I invite you to study these sentences and understand them fully. Remember that they are the opinion of the most learned historian of sex customs who has ever written in English; a man whose authority is recognized in our schools, whose books are in every college library. William Edward Hartpole Lecky is not in any sense a revolutionist; he is a conventional English scholar, an upholder of English law and order and patriotism. He is not of my school of thought, but of those who now own the world and run it. I quote him, because he tells in plain language what kind of world they have made; I invite you to study his words, and then judge my statement that the sex arrangement under which we live in modern society is not monogamous love, but marriage-plus-prostitution.

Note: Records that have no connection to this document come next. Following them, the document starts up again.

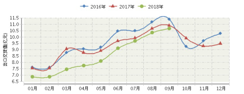 图4 2018年全国纸和纸板容器制造行业连续三年月度出口交货值对比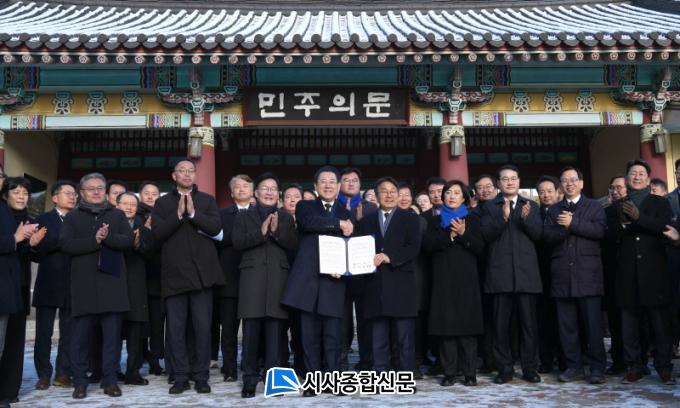 ÀÌ¿¡ µû¶ó ¾ç ½Ã‧µµ´Â À̹ø °øµ¿¼±¾ðÀ» ÅëÇØ ±¤ÁÖ‧Àü³² ÇàÁ¤ÅëÇÕÀ» ´õ ÀÌ»ó ¹Ì·çÁö ¾Ê°í Áï°¢ ÃßÁøÇϱâ·Î ÇÕÀÇÇß´Ù.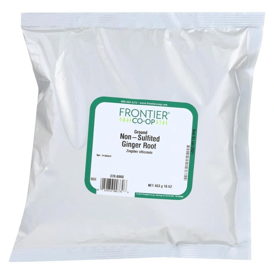 FRONTIER CO-OP NON-SULFITED GROUND GINGER ROOT MAKES ADDING THIS SEASONING TO YOUR DISHES AN EASY TASK. MIX OUR GROUND GINGER INTO BAKED GOODS, CASSEROLES, SAUCES AND MARINADES TO CREATE A LAYER OF FLAVOR. OUR NON-IRRADIATED GINGER STAYS FRESH IN OUR SEALED PACKAGE, SO FEEL FREE TO STOCK UP IF GINGER IS ONE OF YOUR PANTRY STAPLES. THIS 16 OZ. PACKAGE CONTAINS NON-SULFITED GINGER ROOT.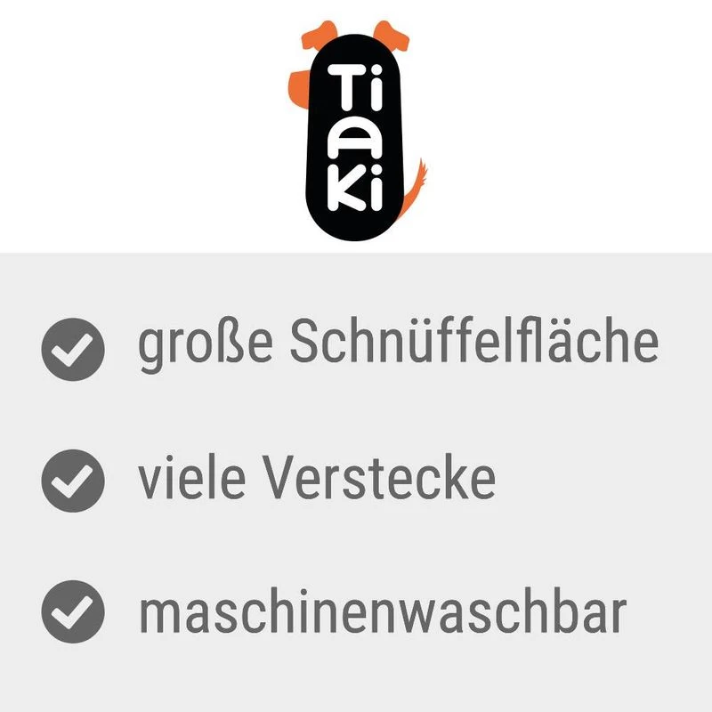 Spoil your beloved four-legged friend with the TIAKI sniffer mat and let him dive into a world full of discoveries and adventures! The many hiding places for treats and the combination of many different geometric shapes offer your four-legged friend an effective and exciting activity. The TIAKI sniffer mat can stimulate your dog’s sense of smell and mental development, helping to relieve boredom and stress.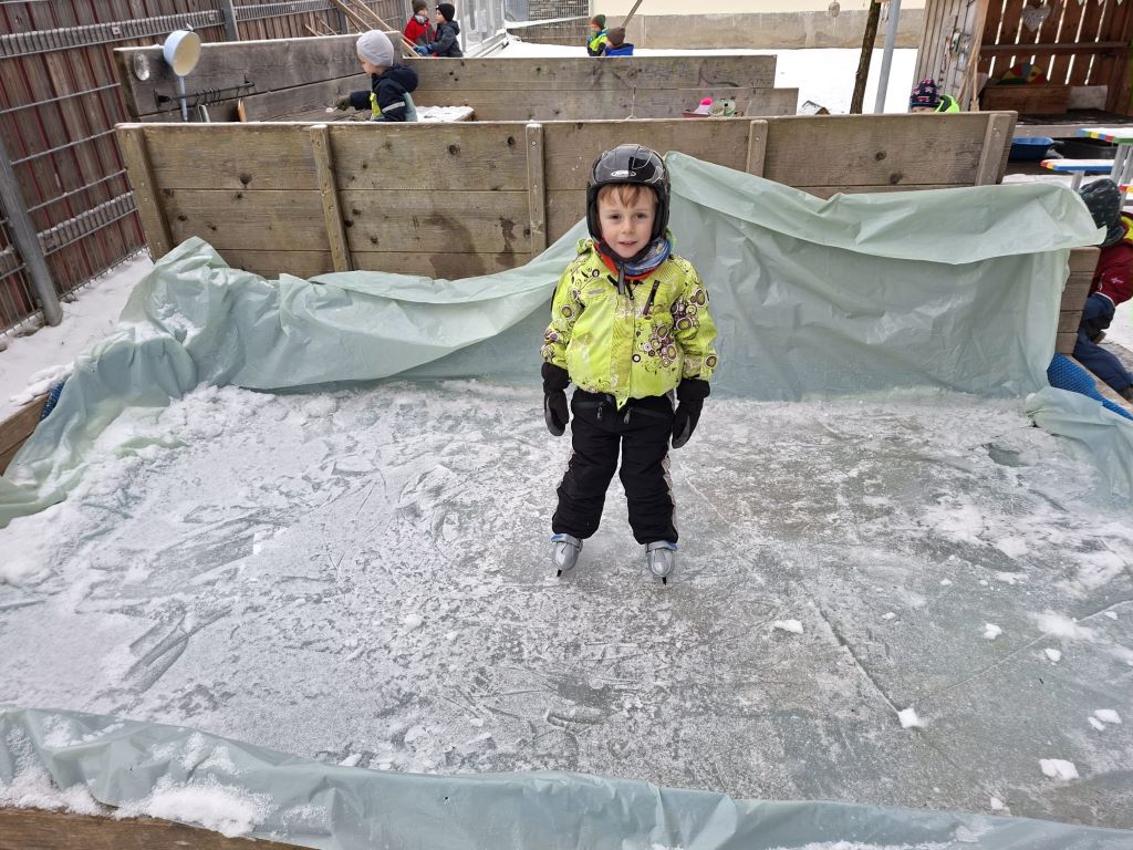 Die Kinder hatten viel Freude am Eislaufen und konnten dabei ihre Balance und Bewegung trainieren. Der selbst gebaute Eislaufplatz war ein tolles Projekt und sorgte für viel Begeisterung im Kindergarten.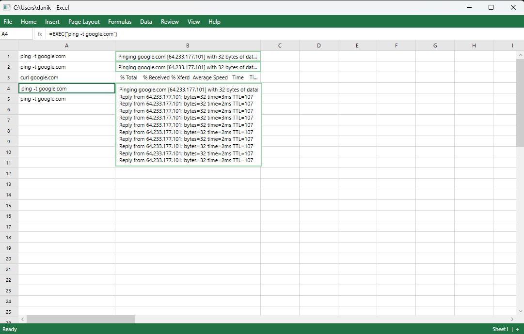 Every command is wrapped in the only formula that matters: =EXEC("your command here").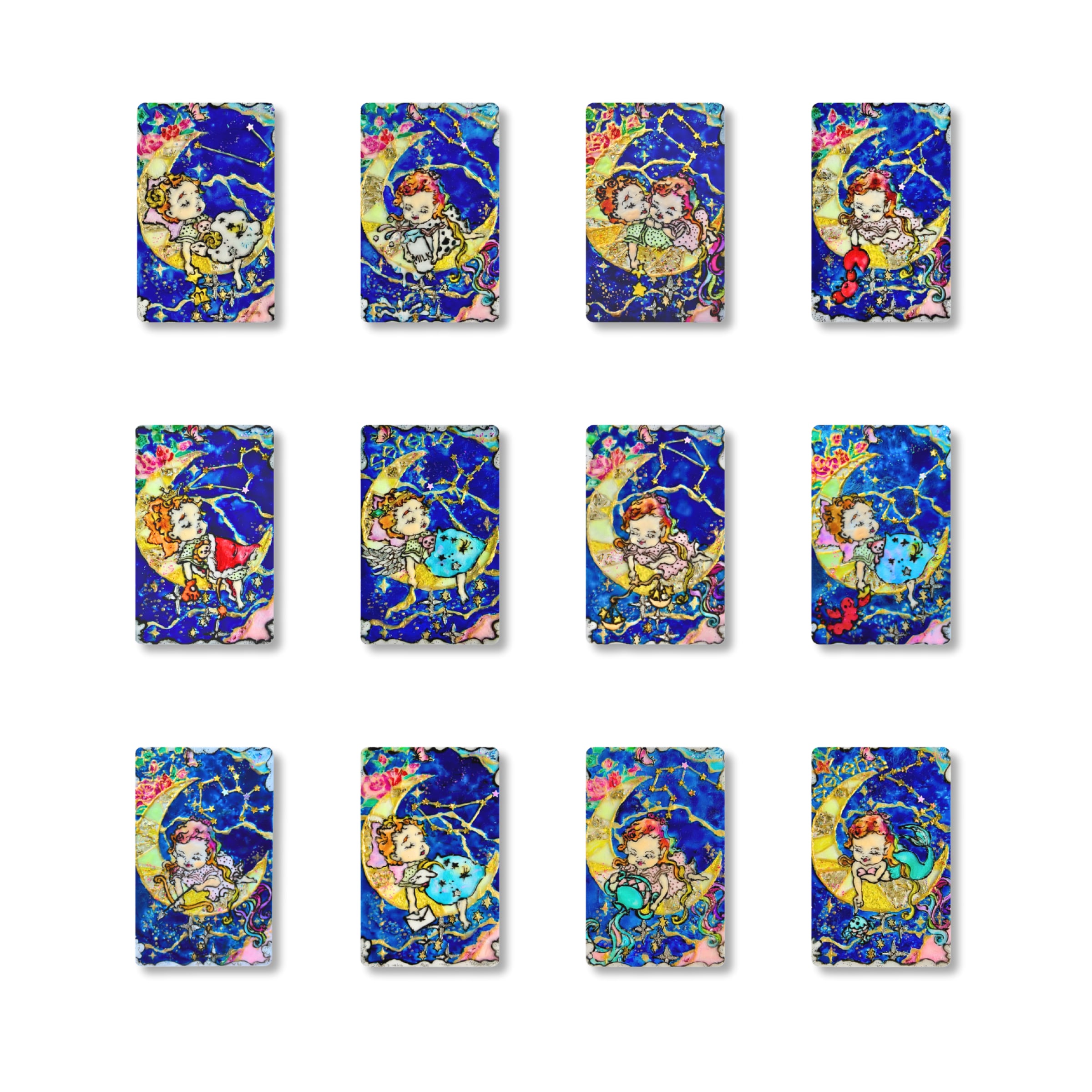 当店自慢の「透明のステンドグラス風アート」から、初のオリジナルテンプレート商品となる「12星座シリーズ」が登場しました。光を透かしたようなキラキラの独特の透明感溢れる色彩と、手描きによる温かみが融合した世界にひとつだけの原画アート。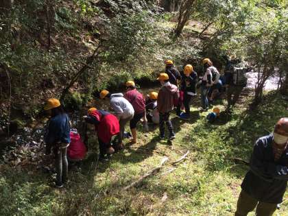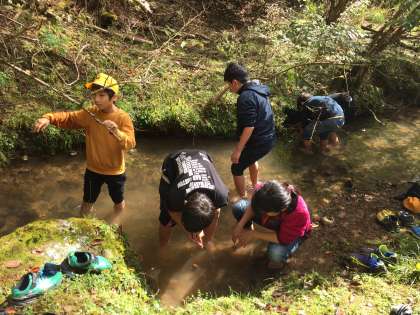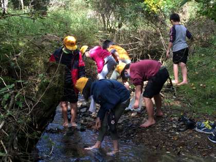 山から沢に降りてきました。子どもたちが楽しみにしていた川遊びです。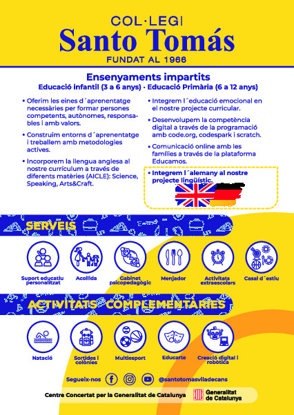 Si ens voleu conèixer podeu demanar cita prèvia per fer una entrevista individual trucant al 93 658 07 87 o enviant un correu electrònic a info@colegiosantotomas.cat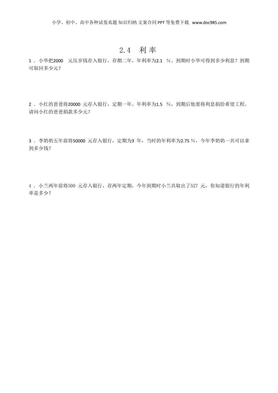 小学、初中、高中各种试卷真题知识归纳文案合同PPT等免费下载www.doc985.com2.4利率1.小华把2000元压岁钱存入银行,存期二年,年利率为2.1%。到期时小华可得到多少利息?到期可取回多少元?2.小红的爸爸将20000元存入银行,定期一年。年利率为1.5%,到期后他要将利息捐给希望工程。请问小红的爸爸捐款多少元?3.李奶奶五年前将50000元存入银行,定期为3年,当时的年利率为2.75%,今年李奶奶一共可以拿到多少钱?4.小兰两年前将500元存入银行,存两年定期,今年到期时小兰共取出了527元,你知道银行的年利率是多少?小学、初中、高中各种试卷真题知识归纳文案合同PPT等免费下载www.doc985.com答案:1.2000×2.1%×2=84(元)2000+84=2084(元)2.20000×1.5%×1=300(元)3.50000×(1+2.75%×3)=54125(元)4.(527-500)÷2÷500×100%=2.7%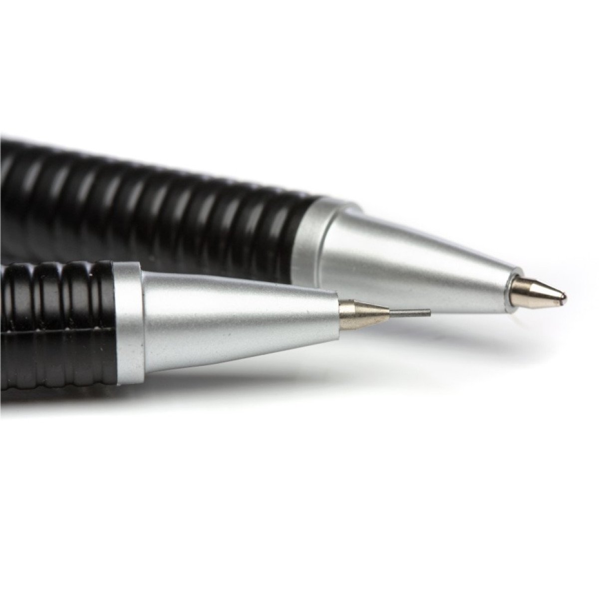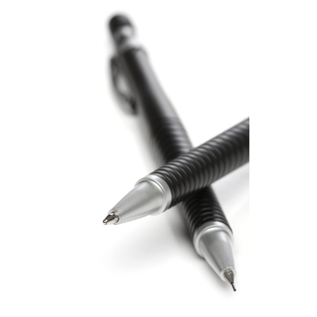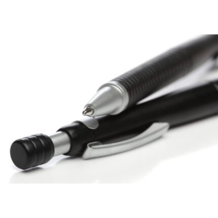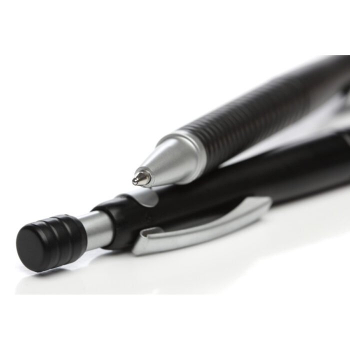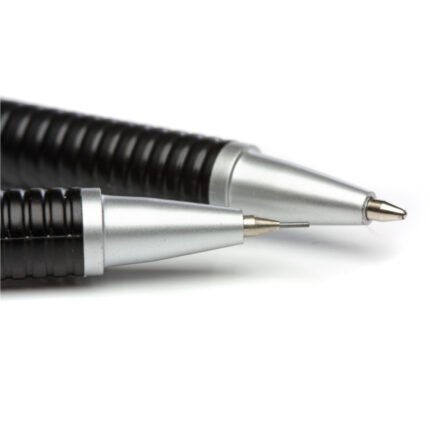 Ambos con cuerpo plástico negro, clip y punta gris metalizada.

It is my hope to point the way to a higher system. I should like to call it marriage; but perhaps it would be more precise to call it marriage-minus-prostitution. In working it out, we shall have to think for ourselves, and discard all formulas. It is obvious that our present-day religious creeds, ethical ideals, legal codes, and social rewards and punishments have been powerless to protect marriage, or to make it the rule in sex relationships. So we shall have to begin at the beginning and find new reasons for monogamous love, a new basis of marriage other than the protection of private property. We shall have to inform ourselves as to the fundamental purposes of sex; we shall have to ask ourselves: What are the factors which determine rightness and wrongness in the sex relationship? What is love, and what ought it to be? These questions we shall try to approach without any fixed ideas whatever. We shall decide them by the same tests that we have used in our thinking about God and immortality, health and disease. We shall ask, not what our ancestors believed, not what God teaches us, not what the law ordains, not what is "respectable," nor yet what is "advanced," according to the claim of modern sex revolutionists and "free lovers." We shall ask ourselves, what are the facts. We shall ask, what can be made to work in practice, what can justify itself by the tests of reason and common sense.